New Fragility is the sixth studio album by American indie rock band Clap Your Hands Say Yeah. The album was self-released on February 12, 2021.

Release
On October 14, 2020, lead vocalist Alec Ounsworth announced the release of the sixth studio album, along with two singles "Hesitating Nation" and "Thousand Oaks". In a press release, Ounsworth explained the meaning of "Thousand Oaks": "In 2018, there was a shooting in Thousand Oaks, CA which killed 13 people. This song has to do with the impotence of the American government in the face of such tragedies."

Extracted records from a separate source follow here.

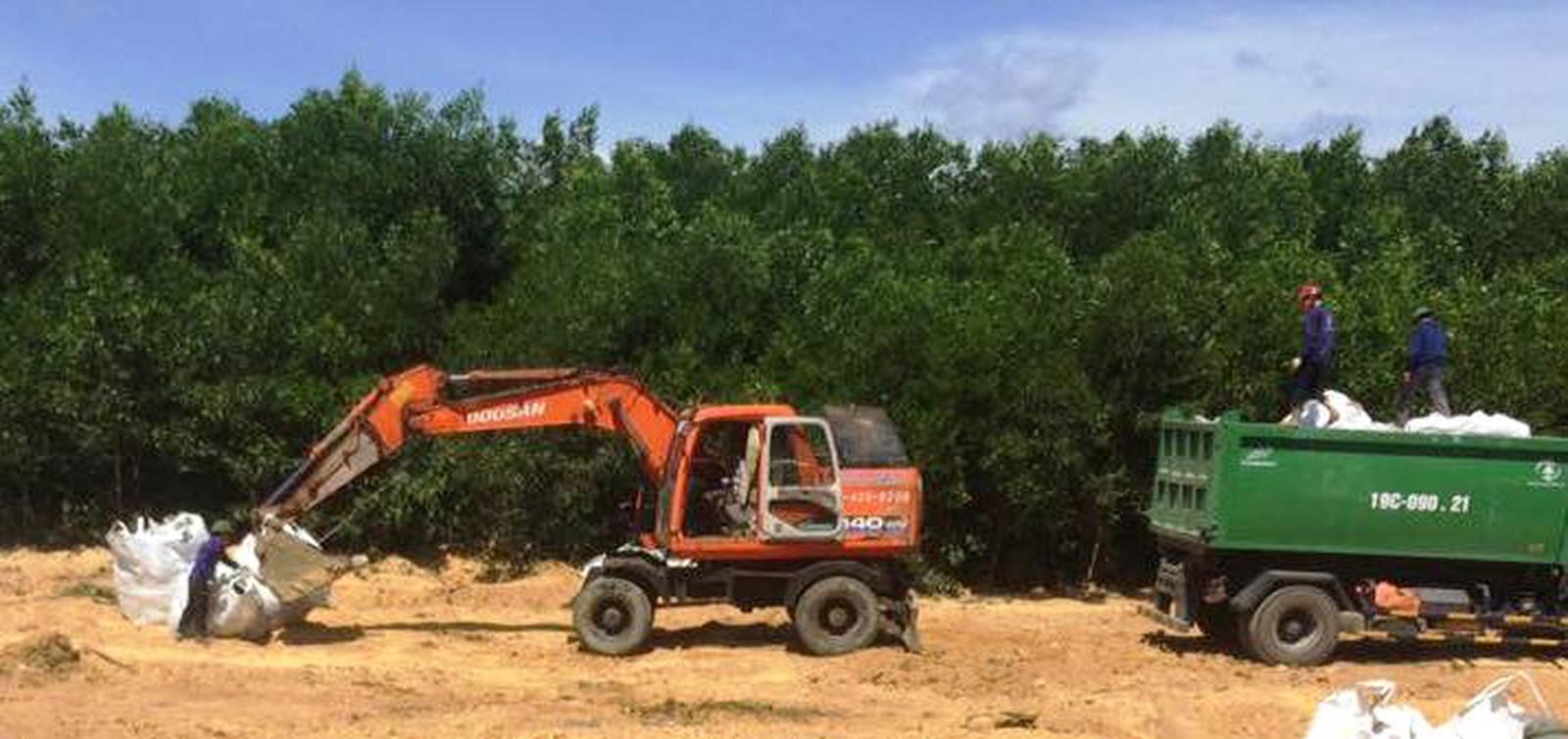 Hai ngày qua, ông Nguyễn Thượng Hiền, Cục trưởng Cục Quản lý chất thải và Cải thiện môi trường thuộc Tổng cục Môi trường (Bộ Tài nguyên và Môi trường - TN&MT), dẫn đầu đoàn công tác của Bộ TN&MT có mặt tại hiện trường, chỉ đạo việc cất bốc.
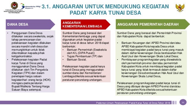 Pedoman Umum Pelaksana Padat Karya Tunai Didesa Tahun 2018 from image.slidesharecdn.com Padat karya tunai (cash for work) merupakan kegiatan pemberdayaan masyarakat desa khususnya yang miskin dan marginal yang bersifat produktif dengan mengutamakan pemanfaatan sumber daya, tenaga kerja, dan teknologi lokal untuk memberikan tambahan upah/ pendapatan, meningkatkan daya beli, mengurangi kemiskinan, dan sekaligus mendukung penurunan angka stunting. See full list on id.wikipedia.org Semoga ekonomi desa meningkat berkat program padat karya tunai | presiden republik indonesia. ^ a b padat karya tunai di desa | situs resmi kementerian koordinator bidang pembangunan manusia dan kebudayaan. Pertama, rancangan anggaran pendapatan dan belanja desa disusun berdasarkan rencana kerja pemerintah desa, lalu diperlihatkan kepada kabupaten/kota maupun desa. Bahwa penyusunan dokumen rencana kerja pemerintah desa ( rkpdes ) disusun awal juli sampai september tahun berjalan. Gak masuk akal banget kan !! Kumpulkan data rtm dan mulailah mendata.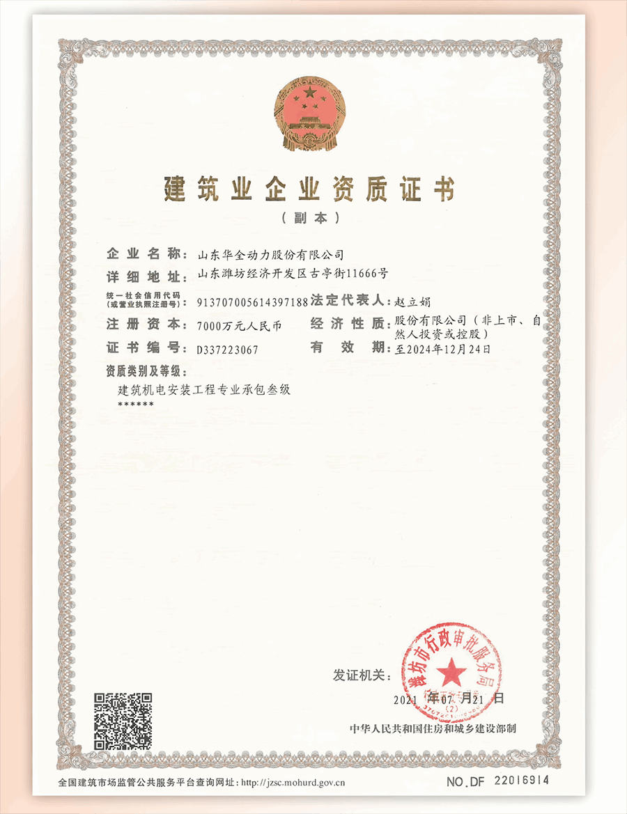 華全電力除了卓越的研發(fā)實(shí)力和生產(chǎn)能力,還具有優(yōu)秀的施工能力,已經(jīng)取得了建筑機(jī)電安裝工程專業(yè)承包叁級(jí)資質(zhì),可承接一般工業(yè)和公共、民用建設(shè)項(xiàng)目相關(guān)設(shè)備的安裝。

The third single "Where They Perform Miracles" was released on December 18, 2020.

Critical reception
New Fragility was met with "generally favorable" reviews from critics. At Metacritic, which assigns a weighted average rating out of 100 to reviews from mainstream publications, this release received an average score of 72 based on 9 reviews. At AnyDecentMusic?, the release was given a 6.9 out of 10 based on 10 reviews.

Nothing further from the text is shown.